Or look at moving on to the next gen drugs; PCSK9 inhibitors. Approved in US last year

Only 15% of your cholesterol is attributed to diet, the rest is genetics and it appears a genetic switch in the liver goes off and hinders absorption in the liver. This drug restores that function.

Also evidence statins lead to dementia.


----------



## sags (May 15, 2010)

I am pretty much the same as you Gibor.

I take a statin, blood thinner and a prescription to control atrial fibrillation. Been taking them for 10 years now.

Sore muscles seems to be a side affect, but I don't know what the alternatives are.

My doctor says diet doesn't have much to do with cholesterol levels, and I am going to a cardiologist to review all the medications as she said they have better drugs available now.

Eat eggs..........don't eat eggs.........eat as many eggs as you like.

Stents are good.........stents are bad.

The truth is that they just don't know everything.


----------



## gibor365 (Apr 1, 2011)

> PCSK9 inhibitors


 Praluent and Repatha are second line treatment (so in addition to Lipitor) and also have bunch of side effects...

I've read good reviews about Kyolic aged garlic, so did experiment  , for 2.5 months stopped taking statins and was taking this Kyolic, and ... Cholesterol/HDL-Ratio significantly increased...



> Only 15% of your cholesterol is attributed to diet, the rest is genetics


 True! Even less is attributed to physical activities (from my own experience)...

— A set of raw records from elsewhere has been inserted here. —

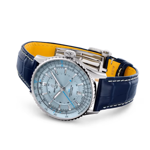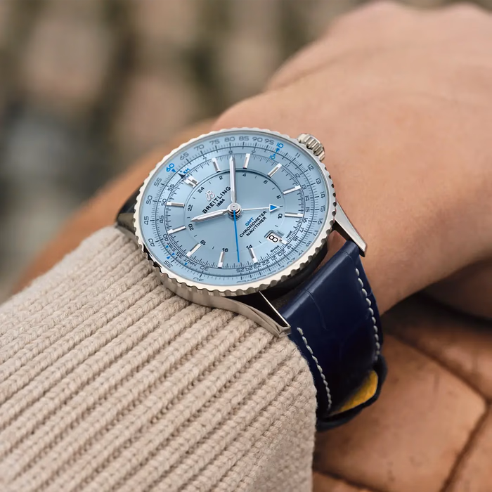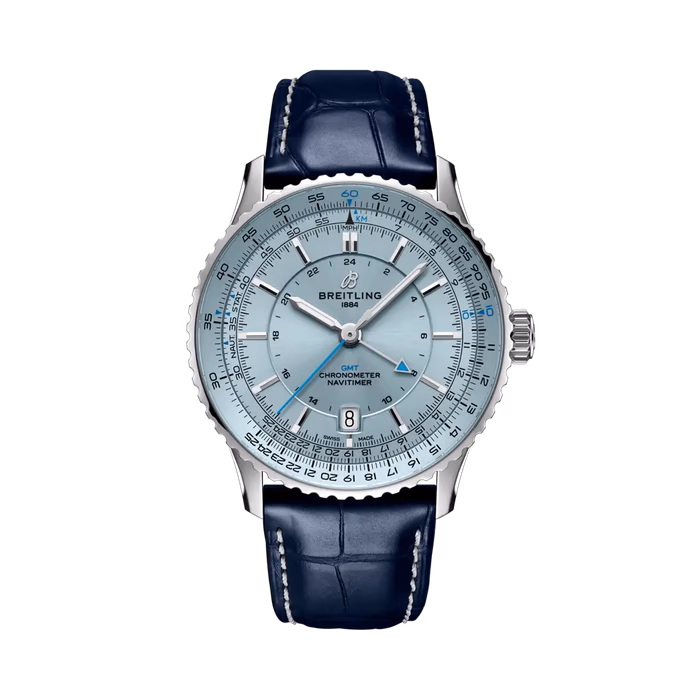 The Breitling Navitimer GMT A32310171C1P1 debuted in 2024. This Navitimer has a Stainless Steel case of 41.00mm, and an 'Ice' blue dial. This watch is powered by Caliber 32, a self-winding movement with additional 24-hour hand and date function.
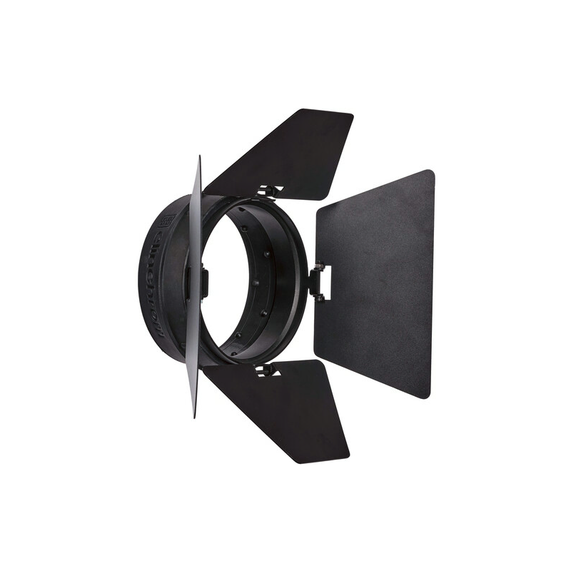 Die OCF Barndoors für ONE Off-Camera Strobe Light von Elinchrom ist ein langlebiges Metallabschirmklappen-Set mit vier trapezförmigen Blättern.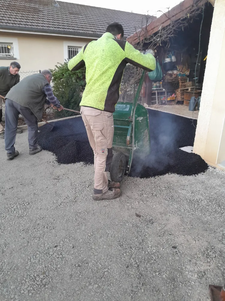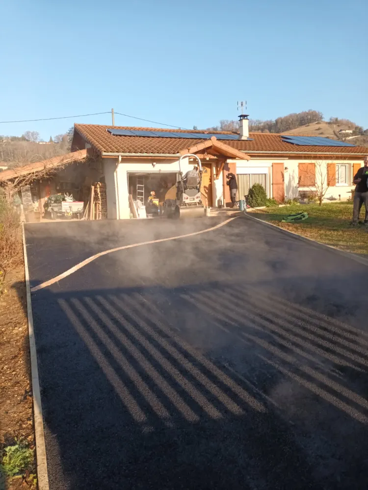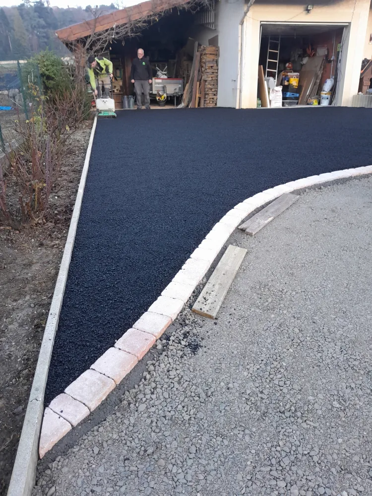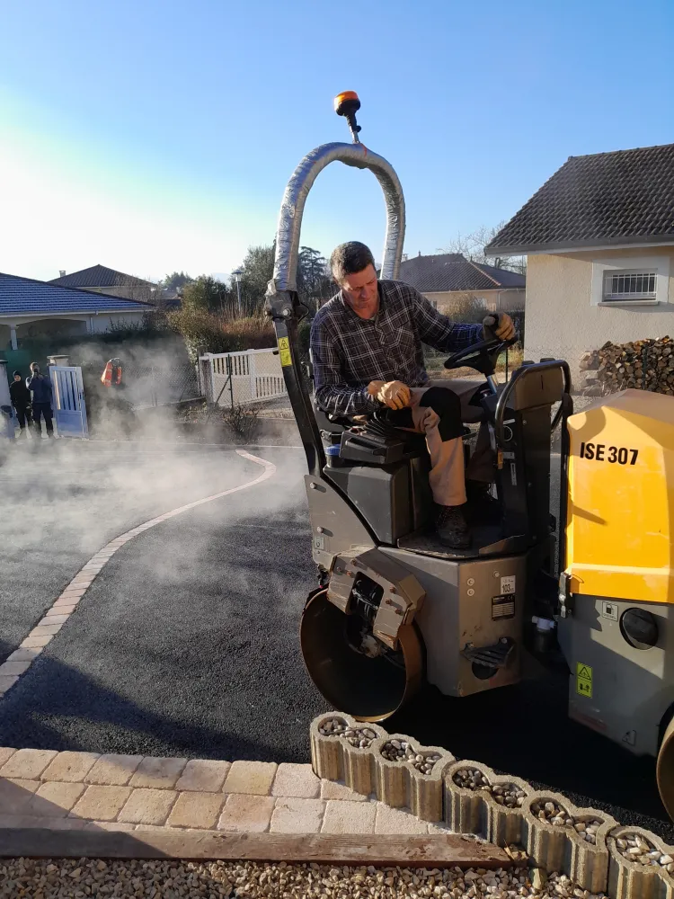 L'entreprise Stéphane Bousson Paysagiste située à Chatte est intervenue chez un client pour la réfection de sa cour sur 110 m2 en enrobé à chaud avec la pose d'une ligne de pavés pour crée 2 zones

Family doctor doesn't want to discuss other options except atorvastatin 
So, there is a big dilemma : high cholesterol or big side effects


----------



## Karlhungus (Oct 4, 2013)

Cholesterol is very misunderstood. You need it to survive. Cell membrane is made up of cholesterol and it is used for brain function. If you do not get enough of it through diet, your body (liver) will produce more of it for your needs. So what about plague build up you say? Only one type of cholesterol can be harmful, small dense LDL. This builds up in your artery walls due to oxidation from sugar or carbs. More info here, http://eatingacademy.com/

DO NOT follow the canada food guide. It is very outdated and has partly led to the obesity epidemic we now see. I started a high fat, low carb diet and all my blood sugar numbers improved. Triglycerides went down, HDL went up, LDL went down. Blood sugar went down. And i lost 30 pounds. My father, who was pre-diabetic, did the same diet, lost 40 pounds. Without any exercise. He went from a pre diabetic state to non diabetic. No statins. 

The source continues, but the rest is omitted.